# Source material:
- - - - -

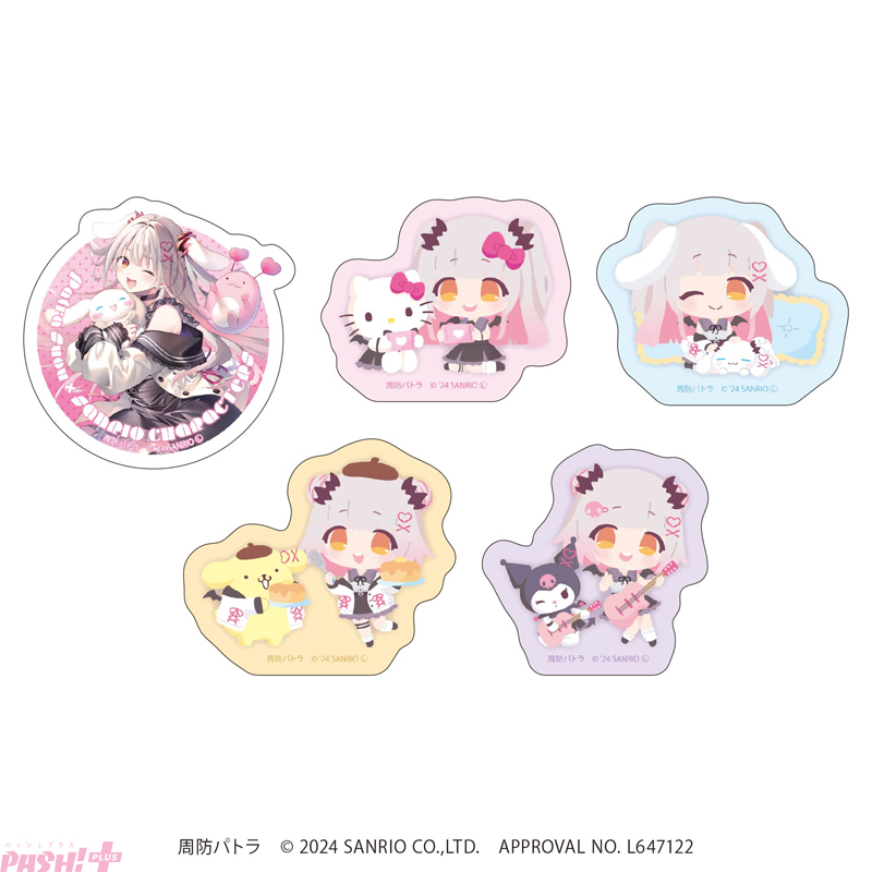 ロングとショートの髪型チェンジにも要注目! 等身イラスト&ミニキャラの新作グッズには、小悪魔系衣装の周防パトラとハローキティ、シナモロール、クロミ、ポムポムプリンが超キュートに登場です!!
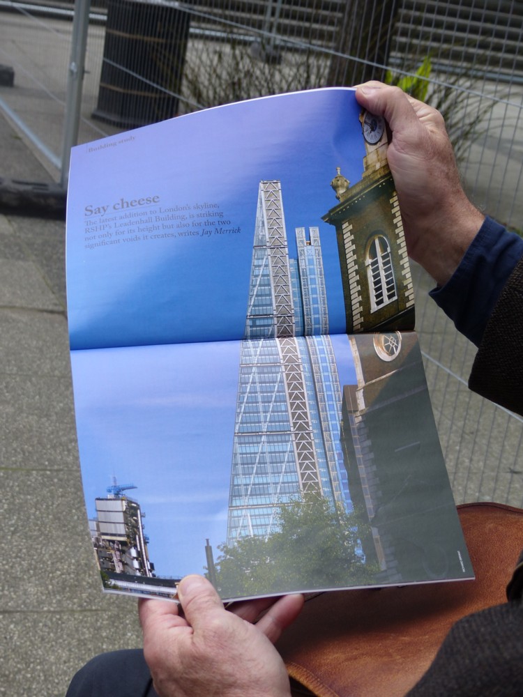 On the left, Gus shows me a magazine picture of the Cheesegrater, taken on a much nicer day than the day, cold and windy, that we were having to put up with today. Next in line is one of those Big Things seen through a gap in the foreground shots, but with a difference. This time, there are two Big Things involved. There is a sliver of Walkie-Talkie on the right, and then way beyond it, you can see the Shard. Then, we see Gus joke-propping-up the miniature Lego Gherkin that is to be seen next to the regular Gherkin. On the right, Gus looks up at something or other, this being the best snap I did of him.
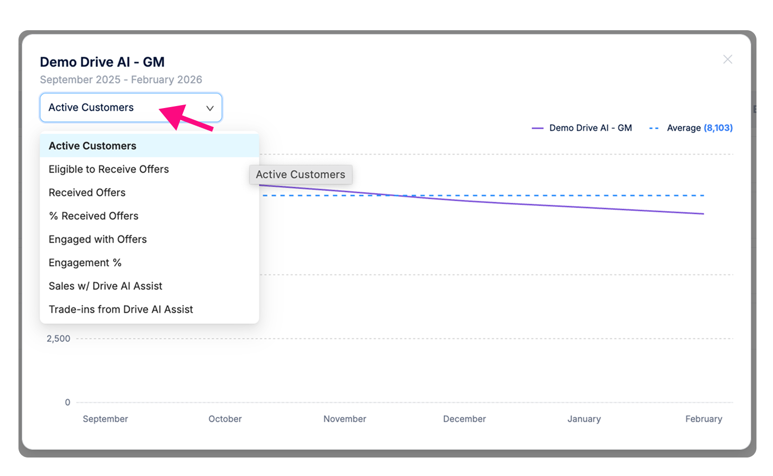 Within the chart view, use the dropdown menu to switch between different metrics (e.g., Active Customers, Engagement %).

- - - - -

Repeat the material line for line. Pictures stay out of the copy.

 ロングとショートの髪型チェンジにも要注目! 等身イラスト&ミニキャラの新作グッズには、小悪魔系衣装の周防パトラとハローキティ、シナモロール、クロミ、ポムポムプリンが超キュートに登場です!!
 On the left, Gus shows me a magazine picture of the Cheesegrater, taken on a much nicer day than the day, cold and windy, that we were having to put up with today. Next in line is one of those Big Things seen through a gap in the foreground shots, but with a difference. This time, there are two Big Things involved. There is a sliver of Walkie-Talkie on the right, and then way beyond it, you can see the Shard. Then, we see Gus joke-propping-up the miniature Lego Gherkin that is to be seen next to the regular Gherkin. On the right, Gus looks up at something or other, this being the best snap I did of him.
 Within the chart view, use the dropdown menu to switch between different metrics (e.g., Active Customers, Engagement %).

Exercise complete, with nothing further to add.